Defining risk of micrometastatic disease and tumor recurrence in patients with stage I testicular germ cell tumors
Review Article

Defining risk of micrometastatic disease and tumor recurrence in patients with stage I testicular germ cell tumors

Ryan P. Werntz, Scott E. Eggener

Section of Urology, Department of Surgery, The University of Chicago Medicine, Chicago, IL, USA

Contributions: (I) Conception and design: RP Werntz, SE Eggener; (II) Administrative support: None; (III) Provision of study materials or patients: None; (IV) Collection and assembly of data: None; (V) Data analysis and interpretation: None; (VI) Manuscript writing: All authors; (VII) Final approval of manuscript: All authors.

Correspondence to: Scott E. Eggener, MD. Section of Urology, Department of Surgery, The University of Chicago Medicine, 5841 S. Maryland Avenue, MC 6038, Chicago, IL 60637, USA. Email: seggener@surgery.bsd.uchicago.edu.

Abstract: There is controversy in the management of patients with clinical stage I non-seminomatous germ cell tumor (NSGCT). Some experts recommend surveillance for all patients regardless of risk factors while others suggest a more risk-adapted approach by using lymphovascular invasion (LVI) and the embryonal component in the primary tumor to select patients most likely to benefit from primary treatment [retroperitoneal lymph node dissection (RPLND) or chemotherapy]. With the surveillance for all strategy, only patients who relapse are treated.
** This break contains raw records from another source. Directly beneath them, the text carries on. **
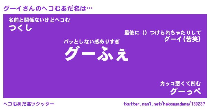 | 男性向けラノベタイトル風あだ名 | 『グーイの憂鬱』 |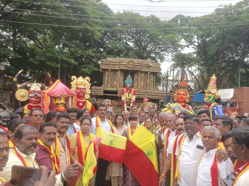ನಂತರ ಆಸ್ಪತ್ರೆ ವೃತ್ತ, ರಂಗಪ್ಪ ಸರ್ಕಲ್, ಅರಳುಮಲ್ಲಿಗೆ ಬಾಗಿಲು, ಕೆ.ಸಿ.ಪಿ ವೃತ್ತ, ಕೊಂಗಾಡಿಯಪ್ಪ ಪ್ರೌಢಶಾಲೆ, ಇಸ್ಲಾಂಪುರ, ತಾಲ್ಲೂಕು ಕಚೇರಿ ವೃತ್ತದ ತನಕ ನಡೆದ ಆದ್ದೂರಿ ಮೆರವಣಿಗೆಯಲ್ಲಿ ವಿವಿಧ ಶಾಲೆಗಳ ವಿದ್ಯಾರ್ಥಿಗಳು ಮತ್ತು ಕನ್ನಡಪರ ಸಂಘಟನೆಗಳು ಕನ್ನಡ ಭಾವುಟ ಹಿಡಿದು ಸ್ವಾಗತಿ, ಪುಷ್ಪ ನಮನ ಸಲ್ಲಿದರು.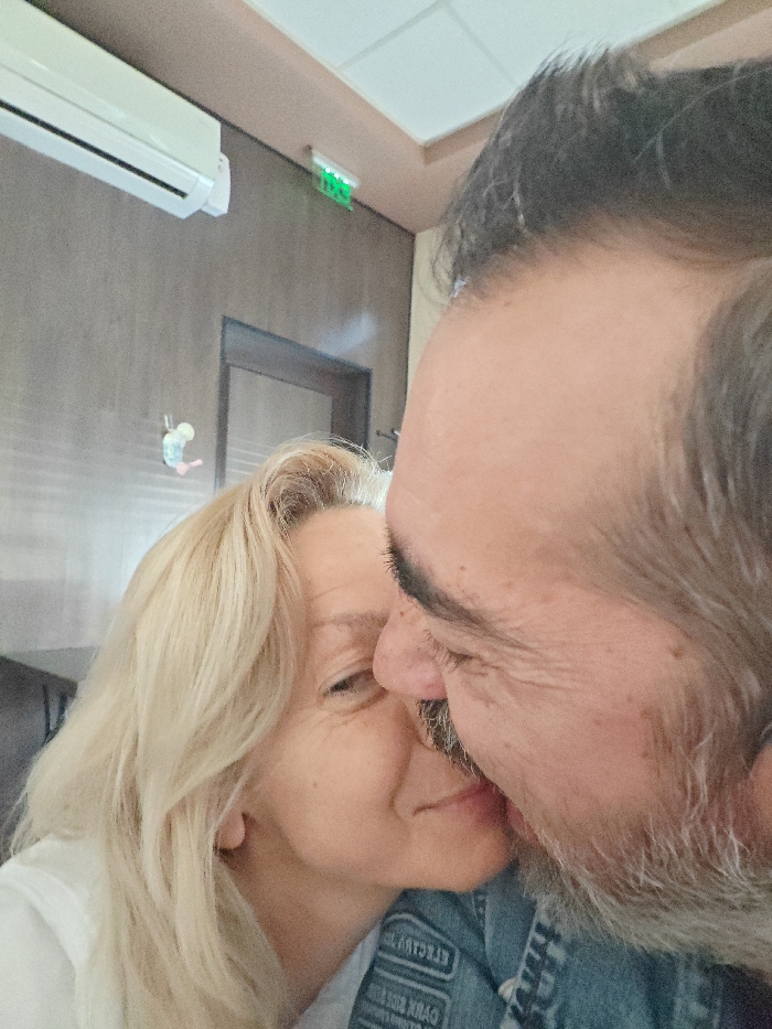 The image displays a close-up, angled view of two individuals indoors. A female subject, characterized by blonde hair and fair skin, occupies the left side of the frame, facing towards the right. She is wearing a white garment. Her right eye is visible, exhibiting periorbital rhytids. A male subject, featuring dark hair, a beard, and a mustache, is positioned on the right, facing towards the left. He is wearing a blue denim jacket with patches on the left shoulder, one of which partially displays the text "DARK SIDE". The individuals' faces are in immediate proximity, with their lips appearing to be in direct contact or imminently so. The background, out of focus, reveals elements of a commercial or public indoor environment. A white wall-mounted air conditioning unit is located in the upper left. Below it, on a gray-brown wall, two small, indistinct decorative objects are affixed. A dark rectangular doorway is visible in the mid-left background. In the upper right background, a green illuminated exit sign is present. A light-colored ceiling with embedded lighting panels is partially visible at the top. The scene takes place within a commercial establishment such as a restaurant, cafe, or hotel in Sofia, Bulgaria. The specific address or precise location within Sofia cannot be determined from the visual evidence.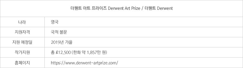 더웬트 아트 프라이즈는 2년에 한 번씩 공모를 연다. 이번에 소개되는 아티스트 지원 프로그램 가운데 거의 유일하게 평면 예술에 집중하는 공모이기도 하다. 총상금은 £12,500(한화 약 1,857만원)인데, 이중 대상 수상자에게 £6,000(한화 약 889만 원)를, 2등 수상자에게는 £3,000(한화 약 444만 원), 3등 수상자에겐 £1,500(한화 약 222만 원)를 차등 분배한다. 또 영 아티스트 어워드로 25세 이하 젊은 작가에게 £750(한화 약 111만 원)를 수여하며, 대중의 투표를 통해 선정된 작가에게는 피플스 초이스 어워드로 상금 £750를 준다. 또한, 수상 작가들은 런던의 몰 갤러리즈(Mall Galleries)에서 전시를 갖는데, 2018년도에 선정된 작가들은 오는 9월 18일부터 23일까지 약 5일간 몰 갤러리즈에서 전시를 연 후 영국의 여러 곳을 순회할 예정이다. 더웬트 아트 프라이즈는 평면예술 가운데서도 연필, 색연필, 차콜, 그리고 흑연 등을 사용한 드로잉 작업을 하는 작가들에게 특히 주목한다. 따라서 조금 더 혁신적인 드로잉 방법론을 갖고 있는 작가들이 유리하다고 볼 수 있다. 테크닉적인 면도 큰 비중을 차지한다. 지난 2016년도에는 이탈리아 출신 작가인 아짐 술라이(Agim Sulaj), 영국 출신의 리 와그스태프(Lee Wagstaff)와 팀 라이트(Tim Wright), 홍콩 출신의 애플-웡후이펑(Apple Wong Hui Fung)이 선정되었다. 술라이는 사실적, 해학적인 묘사로 초현실주의적인 작품을 선보이는 작가다. 한편 팀 라이트는 초상화 작업으로 대표된다. 원래 그는 유화로 작업하지만, 공모에는 드로잉 작업으로 응모했다. 라이트는 “이 프로젝트는 드로잉이라는 매체의 힘과 그 중요성을 알리는 플랫폼으로 오직 드로잉을 위한 것이다. 예술 작품으로서 펜슬 드로잉 고유의 권리를 선보일 수 있는 자리다”라는 ‘팁’을 전하기도 했다. 올해 쇼트리스트에 이름을 올린 한국인 작가 정성훈의 이름도 반갑다. 올해 공모는 이미 종료됐지만, 2020년 지원 공고가 내년 가을쯤에 열릴 예정이니 꾸준히 홈페이지를 확인해보도록 하자.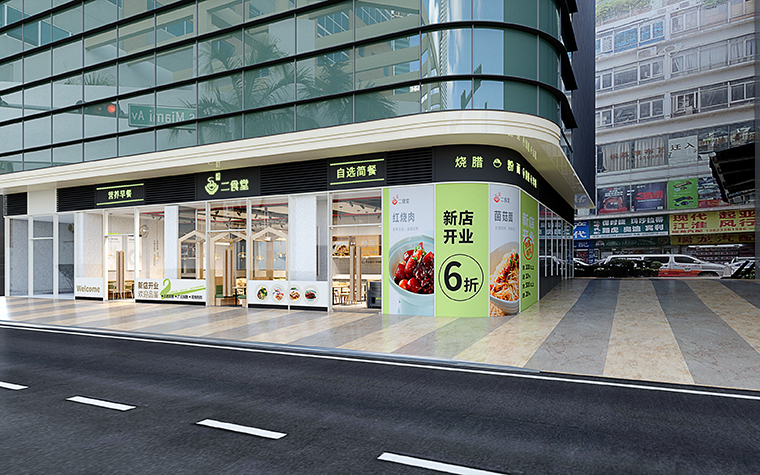 門頭的招牌設(shè)計(jì)是餐廳門店吸引客人進(jìn)店的核心,尤其是臨街鋪面餐飲門店引流最主要的設(shè)計(jì)手法。常規(guī)店面門頭有LOGO,圖形,品牌名,品類;原則是突出品牌名和品類,讓消費(fèi)者看到,并吸引他的注意力。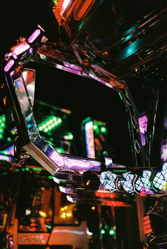 Depuis 2019, Louise Mutrel développe au Japon une recherche visuelle et narrative autour de l’univers des » dekotora » : camions tuning spectaculaires mêlant références de culture populaire et esthétiques ultra-saturées.
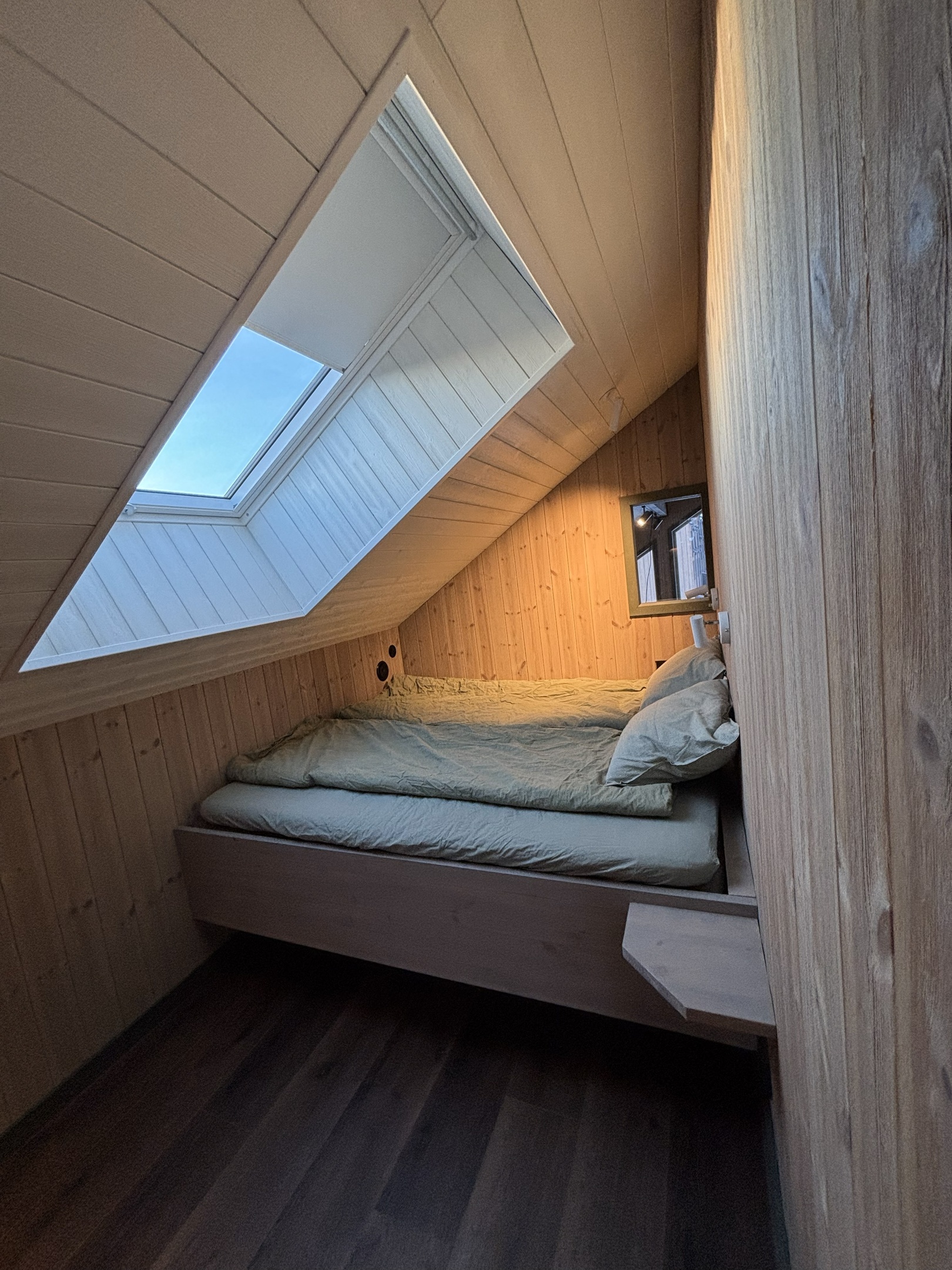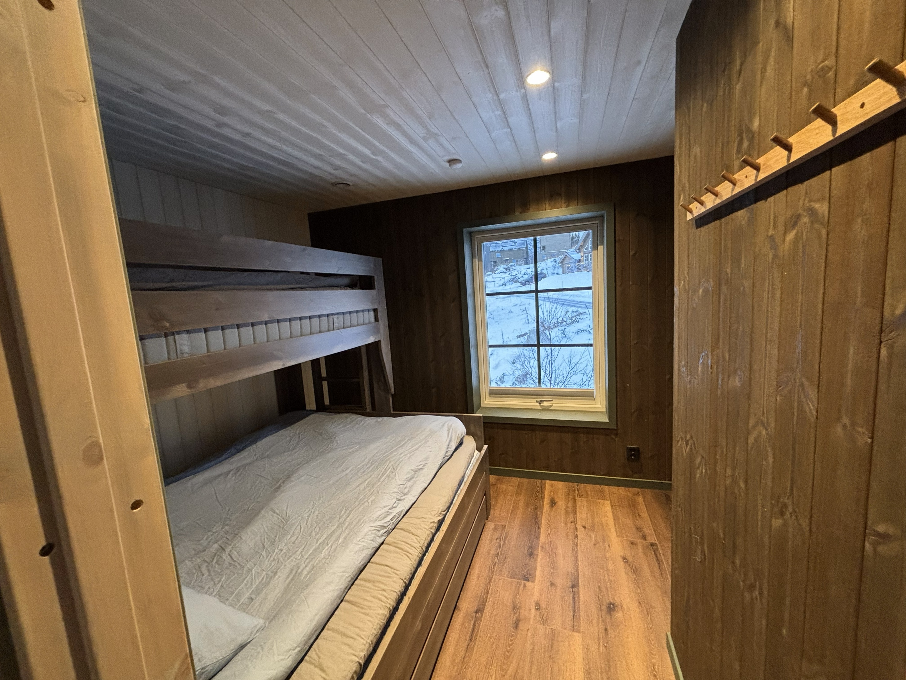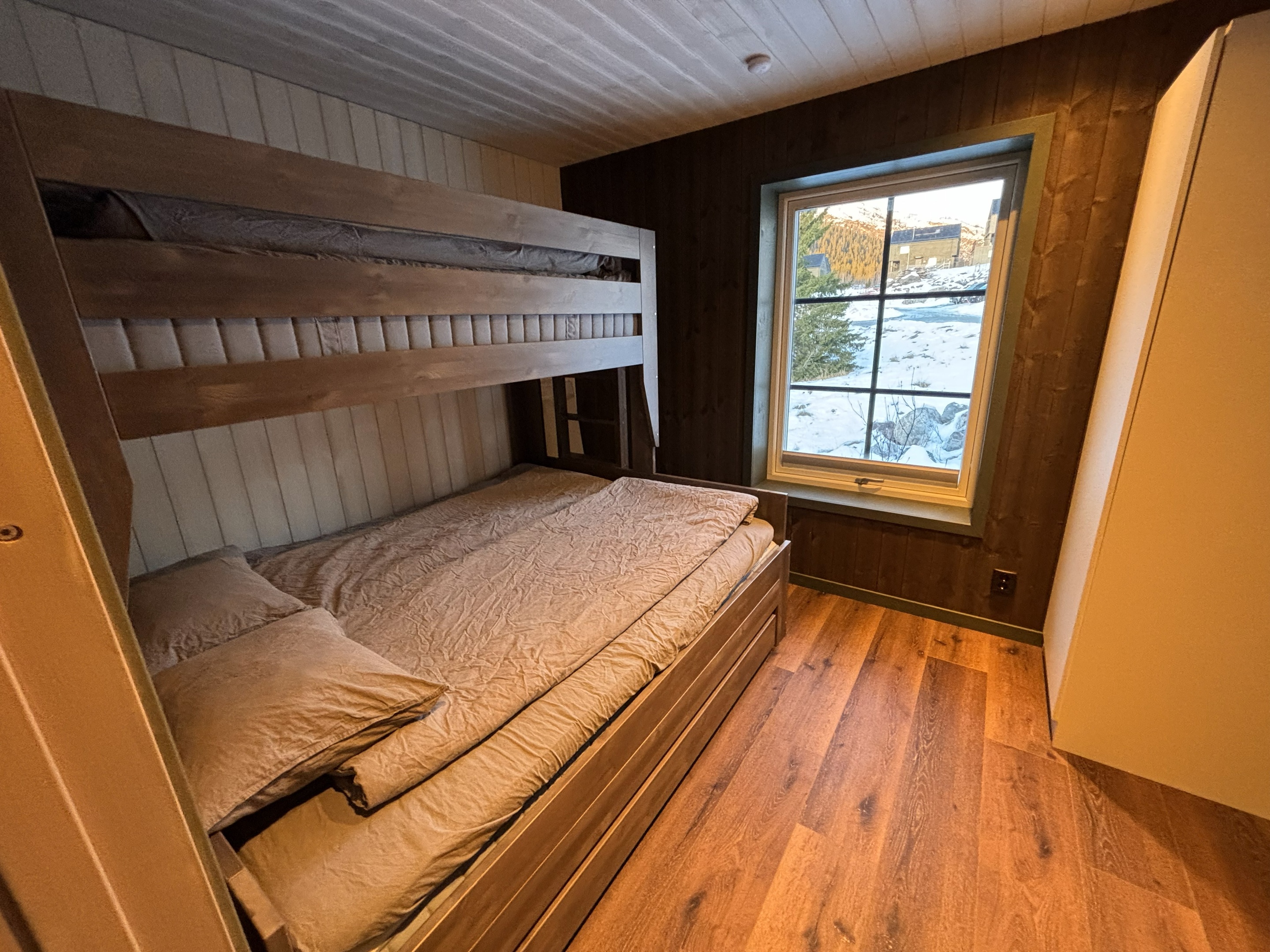 2 sovrum med våningssäng, där nedre bädden är en dubbelsäng och övre bädden en enkelsäng

While this minimizes the over treatment, problem associated with the risk adapted approach, this exposes young men to the effects of full induction cisplatin-based chemotherapy when these men could have received fewer cycles of bleomycin, etoposide, and cisplatin (BEP) or a curative primary RPLND. The challenge is identifying these men who are most likely to benefit from upfront treatment more precisely. This paper explores the currently risk adapted approaches as well as promising emerging biomarkers (microRNA) that, in early data, appear to more accurately predict the presence of microscopic disease in the retroperitoneum over conventional markers.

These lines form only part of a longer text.